Mit der Entwicklung moderner Therapien, die das HI-Virus in Schach halten, sterben immer weniger HIV-Infizierte an AIDS. Dadurch gewinnen Folgeerkrankungen der Immunschwäche zunehmend an Bedeutung. So untersucht die „HIV-Herz-Studie“ des Kompetenznetzes Herzinsuffizienz in Zusammenarbeit mit dem Kompetenznetz HIV/AIDS das erhöhte Risiko HIV-infizierter Patienten für Herz-Kreislauf-Erkrankungen. „Uns war schnell klar, dass die Fragestellungen dieser Studie vielfältige Verbindungen zur Mund- und Zahngesundheit besitzen; auch Letztere ist bei Trägern des HI-Virus stark beeinträchtigt“, berichtet die Leipziger Zahnärztin Dr. med. dent. Bianca Gelbrich. Sie initiierte eine Befragung, bei der die Teilnehmer der HIV-Herz-Studie Angaben darüber machten, wie häufig sie unter Zahn- und Zahnfleischschmerzen litten, wunde Stellen im Mund hatten oder von Mundtrockenheit, Mundgeruch und ähnlichen Problemen geplagt wurden.
Wie die Auswertung der Daten von 372 Patienten ergab, hatten die HIV-Infizierten fast doppelt so häufig Beschwerden im Mundbereich wie die Normalbevölkerung. Sehr beeindruckend war der in den Analysen gefundene Zusammenhang zwischen Mund- und Herzgesundheit. Von den Patienten mit starker Belastung durch Probleme mit Zähnen, Zahnfleisch und Mundschleimhaut hatten 47 Prozent einen auffälligen Herz-Kreislauf-Befund; bei Patienten ohne Beschwerden waren dies nur 11 Prozent. Besonders interessant war die Gruppe der Teilnehmer, bei denen noch nie eine Herz- oder Gefäßkrankheit diagnostiziert worden war und die auch keine Symptome einer solchen Erkrankung hatten: Hier fanden die Ärzte bei 31 Prozent der Patienten mit stark beeinträchtigter Mundgesundheit im Herzultraschall erste Anzeichen von Krankheiten des Herzmuskels und der Herzkranzgefäße. Bei den Patienten mit guter Mundgesundheit waren dies nur sieben Prozent. Die Beobachtungen konnten nicht dadurch erklärt werden, dass Einflussfaktoren wie etwa das Alter oder Rauchen das Risiko vieler Erkrankungen erhöhen. Der Zusammenhang zwischen Herz- und Mundgesundheit war jedoch bei jenen Patienten am deutlichsten, die bereits schwere Phasen der Immunschwäche durchlebt hatten.
„Die Symptome an Zähnen oder Zahnfleisch erwiesen sich als Indikatoren für ein erhöhtes kardiovaskuläres Risiko“, kommentiert Dr. Gelbrich das Ergebnis ihrer Untersuchung. Darüber, wie genau Mund- und Herzerkrankungen zusammenhängen, können die Wissenschaftler bislang nur spekulieren. Chronische Entzündungen, etwa bei einer schweren Zahnfleischentzündung (Parodontitis), sind – auch bei Nicht-HIV-Infizierten – Risikofaktoren für die Entstehung einer Herz-Kreislauf-Erkrankung.
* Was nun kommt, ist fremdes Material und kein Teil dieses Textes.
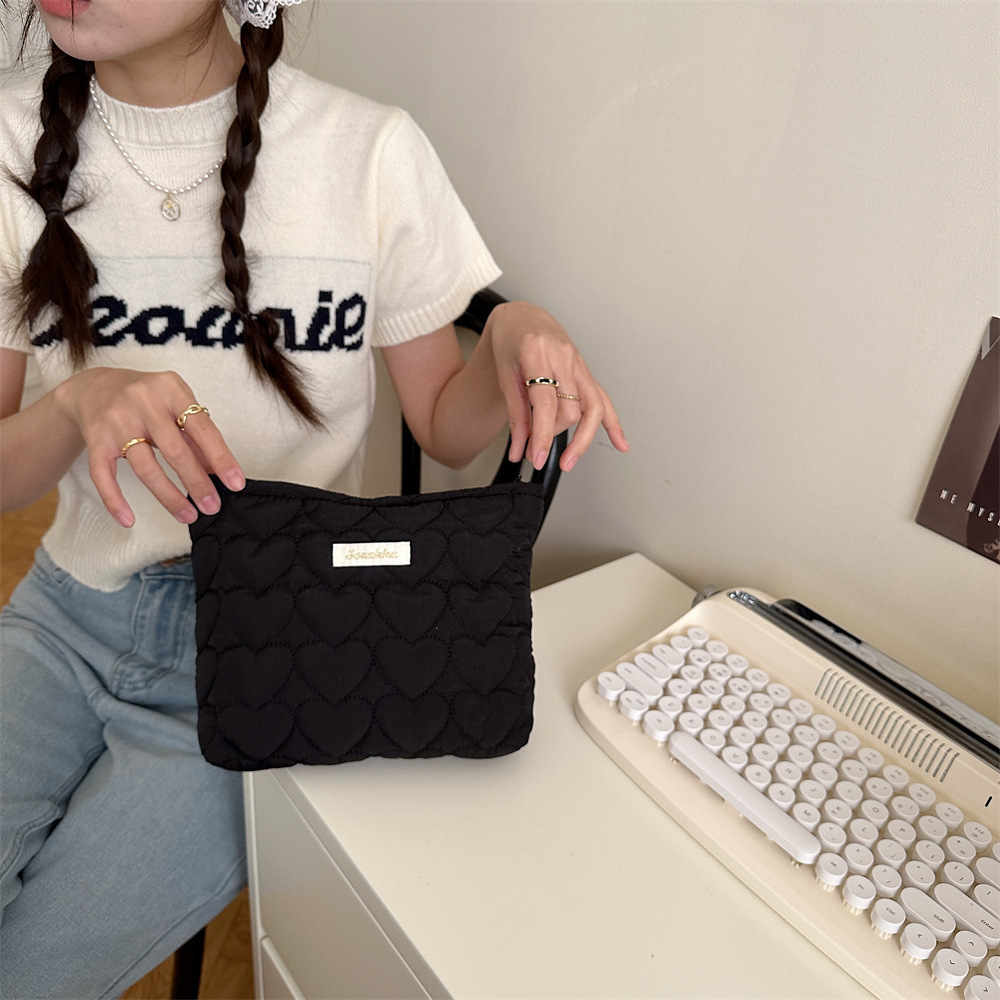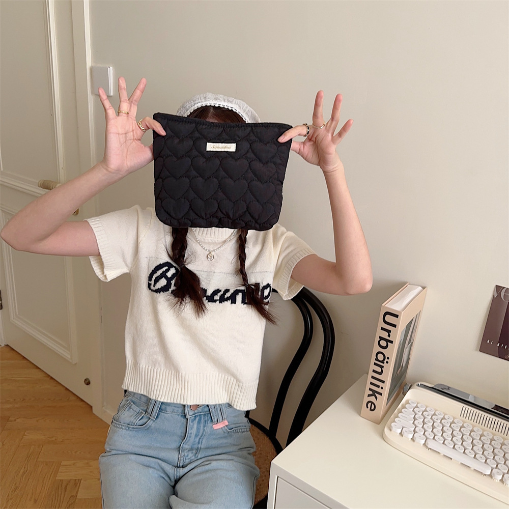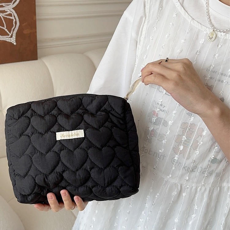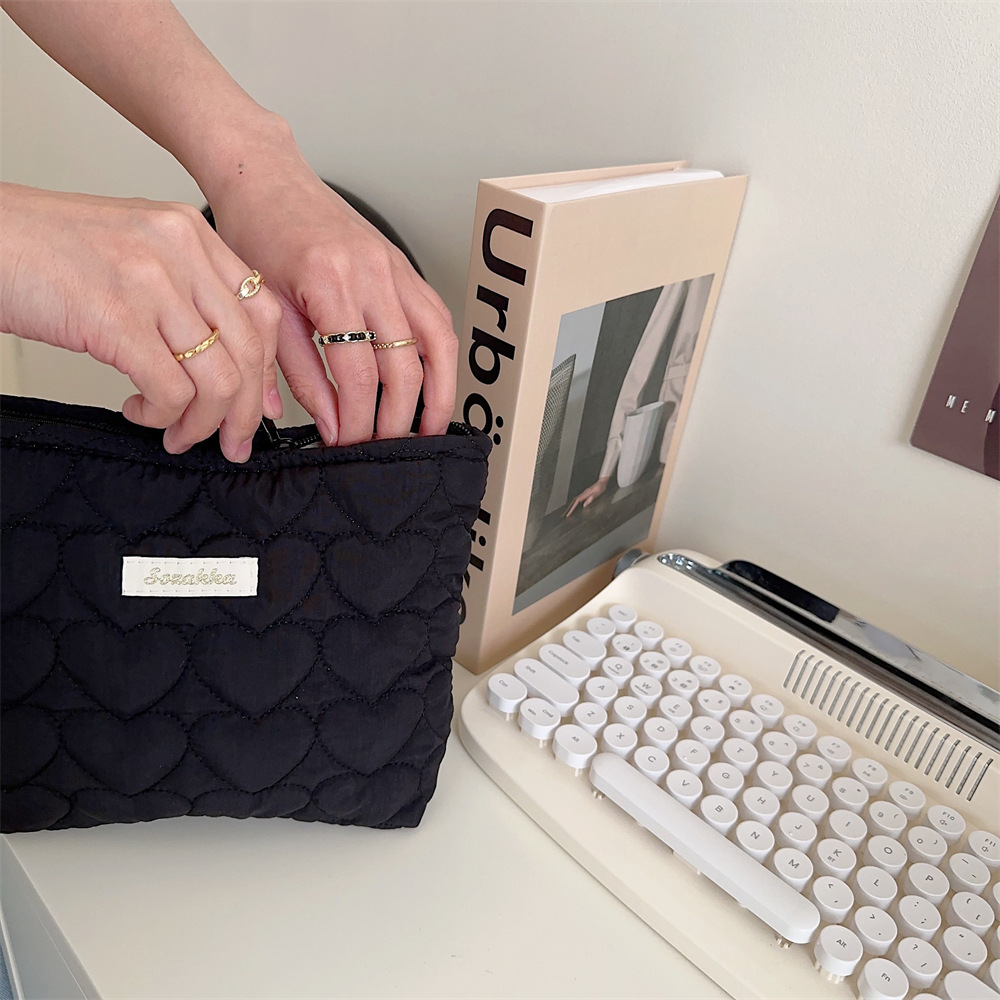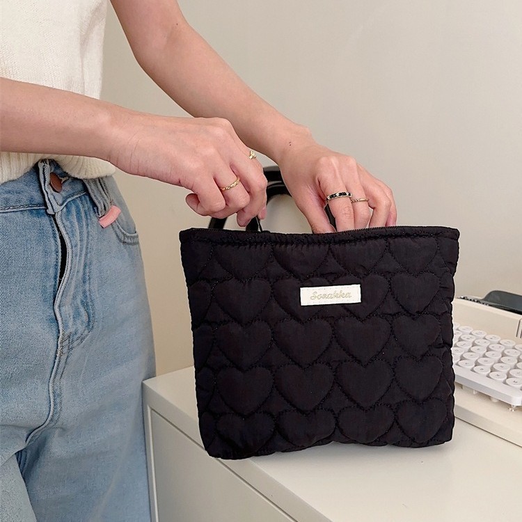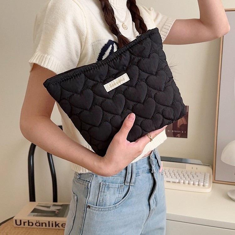 💖 肌触りの良いコットンキルティングに、ハート刺繍がちりばめられた愛らしいクラッチバッグです。

Wissenschaftler gehen davon aus, dass Entzündungsbotenstoffe und Bakterien, die aus dem Mund über die Blutbahn in den Körper gelangen, die Gefäßwände schädigen und so Schlaganfall und Herzinfarkt mit verursachen können. Möglicherweise sei dieser Mechanismus bei einer HIV-Infektion stärker ausgeprägt, vermuten die Wissenschaftler. Es sei aber auch denkbar, dass der schlechte Immunstatus unabhängig voneinander Mund, Herz und Gefäße, beeinträchtige, erklärt Gelbrich.
Für ihre Arbeit wurde die Leipziger Zahnmedizinerin von der Deutschen Gesellschaft für Zahnerhaltung (DGZ) mit dem 1. Platz in der Kategorie Poster des DGZ-Jahresbestpreises geehrt, der mit 3.000 Euro dotiert ist.